5. Revenus du carbone : une contribution annuelle d’environ 11 milliards d’euros
La Commission cherche à diversifier le financement de ses projets. Elle souhaite notamment collecter 58,2 milliards d’euros par an grâce à de nouvelles ressources telles qu’une taxe sur le tabac ou un prélèvement sur les entreprises (voir la décision sur les ressources propres).
Parmi ces ressources doivent figurer les recettes du marché du carbone – l’ETS1, qui couvre des secteurs tels que l’électricité, l’industrie et l’aviation – dont elle entend affecter 30 % à son budget. Elle estime pouvoir récolter environ 9,6 milliards d’euros par an sur une période de sept ans. « La plupart des recettes provenant de la mise aux enchères des quotas d’émission continueront à alimenter les budgets nationaux », indique le document de la Commission.
L’exécutif compte également prélever 75 % du total des recettes attendues du mécanisme carbone aux frontières (CBAM), appliqué sur certaines importations de biens dont la production est énergivore – tels que le ciment et les engrais –, ce qui devrait rapporter 1,4 milliard d’euros supplémentaire par an au budget de l’UE, selon les estimations de la Commission.

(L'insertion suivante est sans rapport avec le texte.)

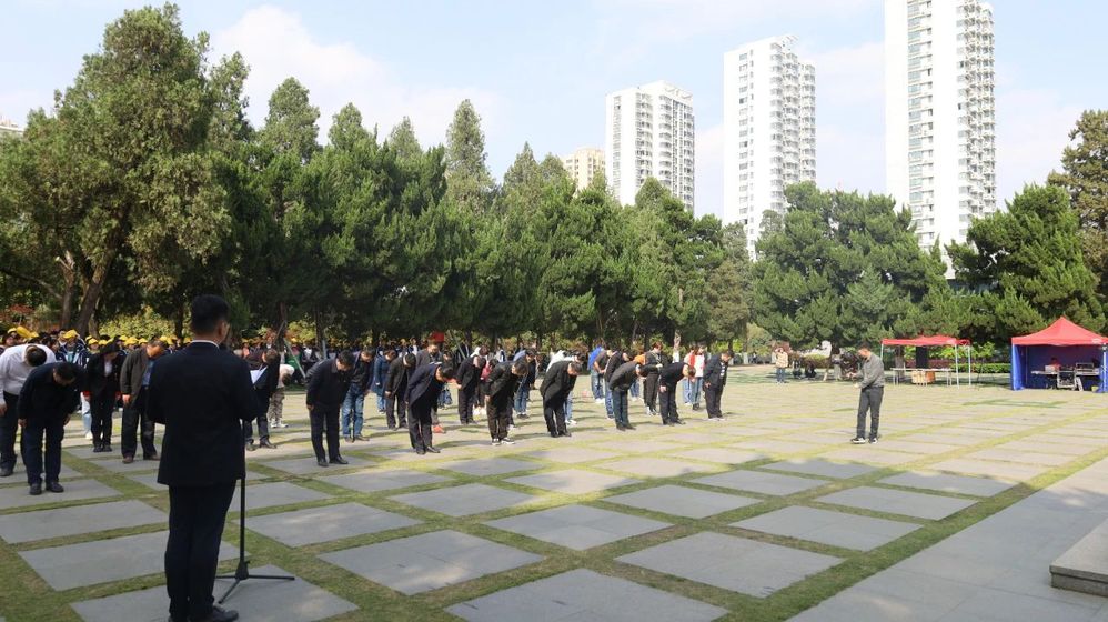 在烈士紀念碑前,全體黨員莊嚴肅立,低頭默哀,向革命先烈表達自己深深的緬懷之情。

En revanche, comme Contexte l’avait rapporté récemment, la Commission ne cherche plus à utiliser les recettes de l’ETS2, c’est-à-dire l’extension du système d’échange de quotas d’émission aux bâtiments et au transport routier. L’ETS2 est très critiqué par de nombreux États membres, et la grande majorité d’entre eux ne l’ont pas encore transposé dans leur droit national.
La Commission avait présenté ses estimations de recettes issues du CBAM et des ETS1 et 2 en 2023 (lire ici, ici, ici et là).